The Clock-Tower Square
You can’t miss the Clock-Tower which is positioned so central at the square. It was built at the 25th year from the inauguration of the Turkish Sultan Abdul Hamid II. Recently it was restored, and today it is more beautiful than ever with its four clocks that were installed at the head of the tower. In past times, two of them were showing the time at Europe and the other two – the local time. The openings and windows of the tower are covered with gratings and a tablet was set about it with the story of Jaffa's history. In front and west to the Clock-Tower, you can see the Kishle, a jailhouse which was used by the Turks and British, and during the British mandate is served as a prison for detainees from Jewish undergrounds, the IZL and Lechi.
Continue to stroll up at Yeffet St., Jaffa's main street, until you come to Abulafia bakery. This bakery became one of the city's magnets, beyond being a simple bakery. Taste the fluffy pretzels which are seasoned with Za’atar and sesame. Return to the Square of the Clock-Tower and continue by foot westward at the street alongside the mosque.
The Yafo Hill
Jaffa was mentioned in the same breath with some of the oldest towns in the world and it is actually here, at this hill, that the ancient settlement was started. Today the hill hosts its 4000-years-old remains.
Continue to walk up the hill until you realize the big mosque of Jaffa, the Muhammad abu-Nabut, which is called after its restorer and after his habit to be always equipped with a big club, Nabut [Arabic]. This Governor used to stroke fear into the hearts of the whole city during the beginning of the 19th century.
At the mosque notice a curved water trough, savil in Arabic, which is built-in and protruds from the wall. The water of the trough was used to quench the thirst of passersby and caravans of camels. Its past glory is reflected by its outstanding size and by a dedication inscription for its builder.

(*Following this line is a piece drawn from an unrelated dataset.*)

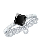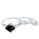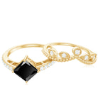 5mm Princess Cut Black Onyx Engagement Ring with Diamond Wedding Band

Right bellow the minaret pay attention to the main entrance door and to a dedication inscription that was made in honor of the Turkish sultan that ruled during that time. It is recommended to enter if the mosque is opened, to visit its beautiful yard which is surrounded by praying rooms. Continue up the street until you come to an ancient building.
The Old Seraya
This edifice was used as an administrative center by all former governors of Jaffa (Seraya means governor house). It had then changed many hands but then a new Seraya was built (which is now occupied by a police station at the Clock-Tower Square) and the Damiani family, a Christian family that was headed by Mr. Damiani, the honorary consul of no less than four European powers, bought it. The Seraya became a factory for soap, and the soaps were manufactured on the lower floors and then were taken up to the roof for drying. Today one of the building rooms is occupied by thousands of bats.
Continue down the street and notice on your right side, very near the seashore, a small minaret, the Jami'a el-Bahar (=the mosque of the sea), that served Muslim sailors before they went out to the sea. You can swerve and visit it to enjoy the beautiful views of Tel Aviv from above; however, entrance to the mosque is forbidden due to some refurbishing works.

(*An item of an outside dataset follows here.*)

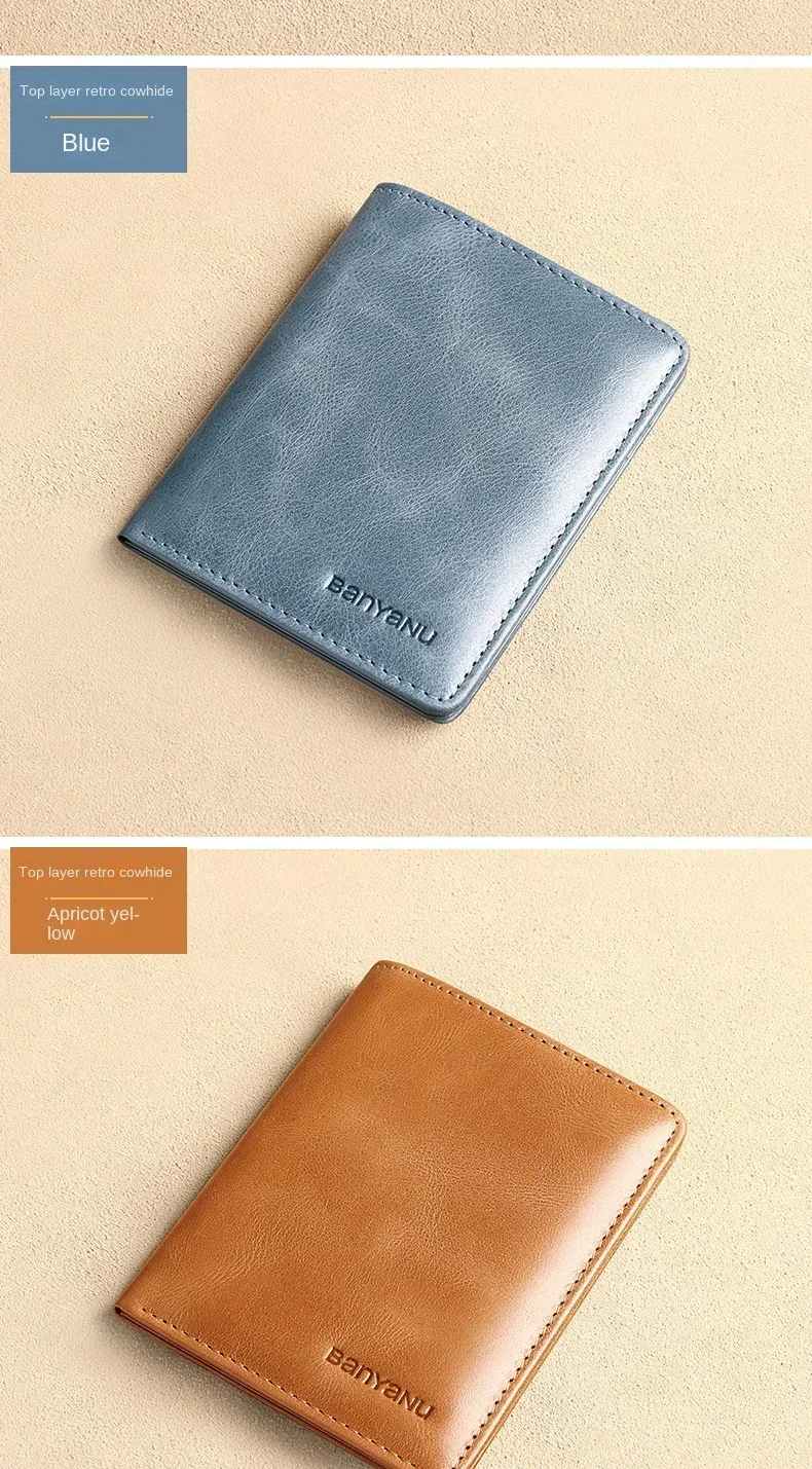 Men's Blue Money Bag Genuine Leather Rfid Wallet for Men Slim Vertical Wallets Black Thin Short ID Credit Card Holder Minimalist

Return to the street and continue up until you meet with the central square, Kikar Kedumim. Notice, just before you enter the plaza, on your right side, the main Franciscan Church of Jaffa, St. Peter Church. It is allowed to visit the church, and it is recommended to drink its size and beauty in but they can be witnessed only from within; the church's outside walls are not so impressive due to the biting sea wind and rain that made it looking from the outside eroded and worn-out. Underneath the surface of the square, there is a nice and small museum for Jaffa's history.

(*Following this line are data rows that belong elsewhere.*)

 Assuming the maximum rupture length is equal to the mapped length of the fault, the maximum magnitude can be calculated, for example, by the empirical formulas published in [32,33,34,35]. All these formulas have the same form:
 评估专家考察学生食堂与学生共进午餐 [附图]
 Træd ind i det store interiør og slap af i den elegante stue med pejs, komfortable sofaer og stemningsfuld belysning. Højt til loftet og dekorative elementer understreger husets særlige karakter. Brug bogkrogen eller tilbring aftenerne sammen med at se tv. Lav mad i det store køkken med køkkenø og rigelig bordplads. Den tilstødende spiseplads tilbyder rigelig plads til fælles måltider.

Go to the western side of the plaza and take a view of the sea. Not faraway from the waterfront notice the cliffs of the famous Andromeda Rock. According to Greek mythology Andromeda was tied to these cliffs and was offered as a sacrifice to a sea-monster that the people of Jaffa wanted to appease. A moment before the sea-monster loomed from the depth to swallow her, the mythological hero, Perseus and his winged horse, gushed from nowhere and saved her from death.
Decide which of two alternative routes to follow:
Go down from Kedumim Square to the port through one of twelve picturesque lanes called the Zodiac Alleys. All of them lead to the sea and offer many galleries and dwelling places of artists and painters. Try to conform to a tradition that claims that if a person runs an alley which is identical to that person’s zodiac sign three times up and down while expressing a wish they will eventually fulfill their wish. Arrive at the Old Jaffa Port, one of the most ancient ports of the Mediterranean Sea, of which fishermen, like many before them, sail from it by boat and sell their catch at the dock.
The Head of Jaffa Hill
Continue with one of the allies up to the head of Jaffa Hill, which also offers an amazing view of the entire coastal strip, and the view of Tel Aviv with its high-buildings and coastline, until Herzliah, and in nice days even views up of Hadera. Climb the hill and come to a nice statue which is curved with details of three famous biblical stories. On the south side of the hill notice some remains from an archeological excavation. Here some of the most ancient remnants of Jaffa were excavated – an Egyptian city gates from around 3,500 BC. You can read more about it from the informative signs that were installed on the hill.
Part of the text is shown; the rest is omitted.